In some embodiments, the control arrangement 10 is configured to pass the low-electrolyte solution at the second side 2b at a hydrostatic pressure that is lower than the hydrostatic pressure at the first side 2a, thereby disabling convective transport from the first side 2a to the second side 2b. A determined lack of integrity of the FO-membrane 2c is then indicative of a solute diffusive error of the FO-membrane 2c.

In some embodiments, the control arrangement 10 is configured (i) to pass the low- electrolyte solution at the second side 2b at a hydrostatic pressure that is higher than the hydrostatic pressure at the first side 2a, (ii) to measure conductivity of the solution generated from the second side, using the conductivity sensor 7, and (iii) to determine that the lack of integrity of the FO-membrane 2c is due to a leak in the FO-membrane 2c upon determining that the measured conductivity is indicates a greater conductivity change than the conductivity change generated at the higher hydrostatic pressure at the second side.
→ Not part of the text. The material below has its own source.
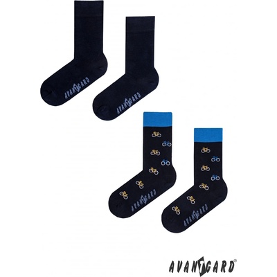 Sada kvalitních pánských ponožek se vzorem – Kolo obsahuje 1 pár jednobarevných modrých a 1 pár modrých ponožek se vzorem kola. Pánské ponožky jsou vyrobeny z příjemného...

In some embodiments, the control arrangement 10 is configured to pass the low-electrolyte solution at the second side 2b at an osmotic pressure that is higher than the osmotic pressure at the first side 2a, thereby enabling diffusive water transport from the first side 2a to the second side 2b. Or, the control arrangement 10 is configured to pass low-electrolyte solution at the second side at a lower osmotic pressure than the osmotic pressure at the first side 2a, thereby enabling diffusive water transport from the second side 2b to the first side 2a.
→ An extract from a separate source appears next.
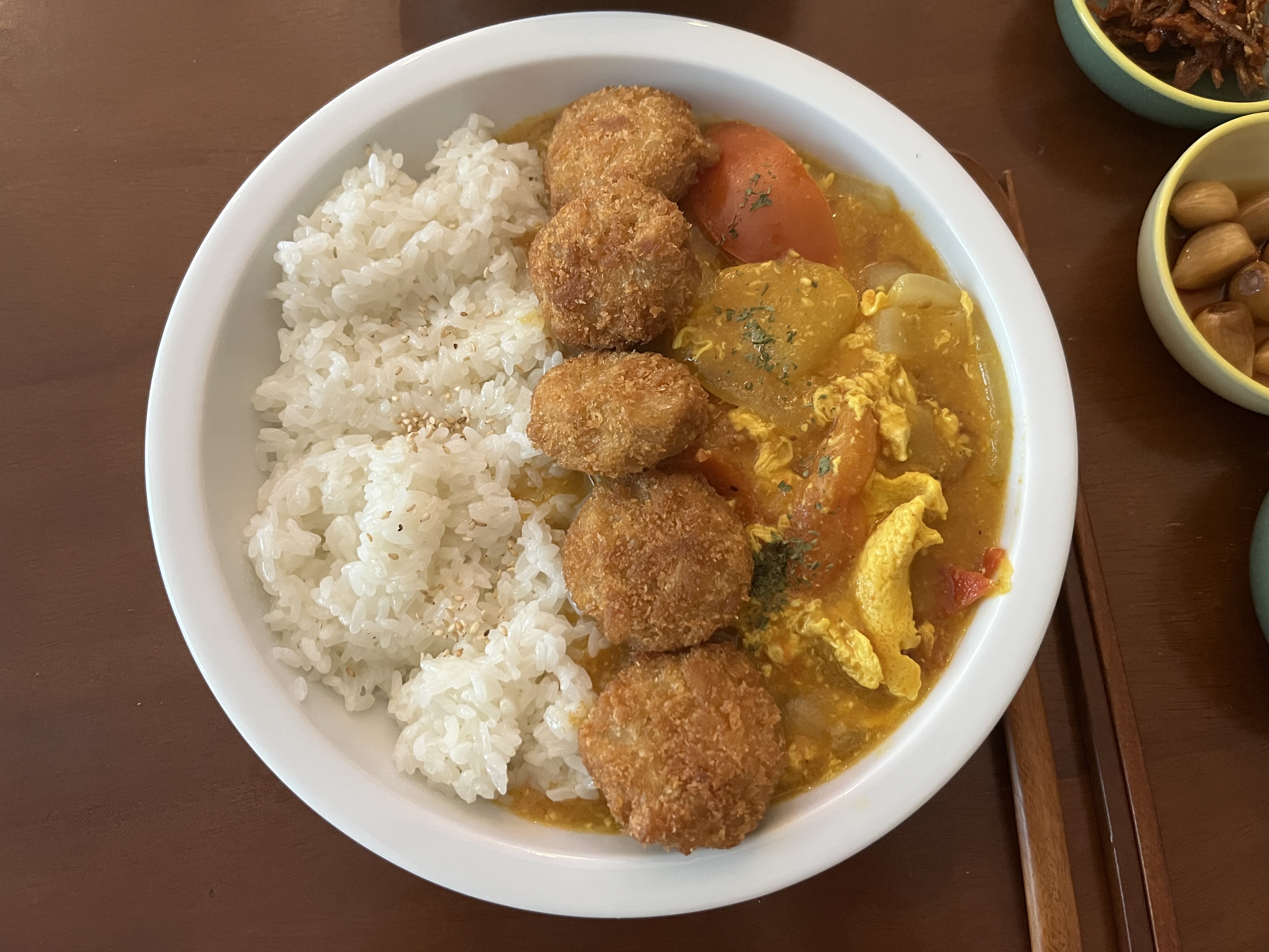 토마토와 계란, 양파와 갖은 야채를 듬뿍 넣은 카레가 보기에도 먹음직스럽다.

In some embodiments, the control arrangement 10 is configured to control the hydrostatic pressure using the drain pump 4. The control arrangement 10 may be configured to perform any one of the herein described aspects, embodiments or examples. While the invention has been described in connection with what are presently considered to be the most practical and preferred embodiments, it is to be understood that the invention is not to be limited to the disclosed embodiments, but on the contrary, is intended to cover various modifications and equivalent arrangements included within the scope of the appended claims.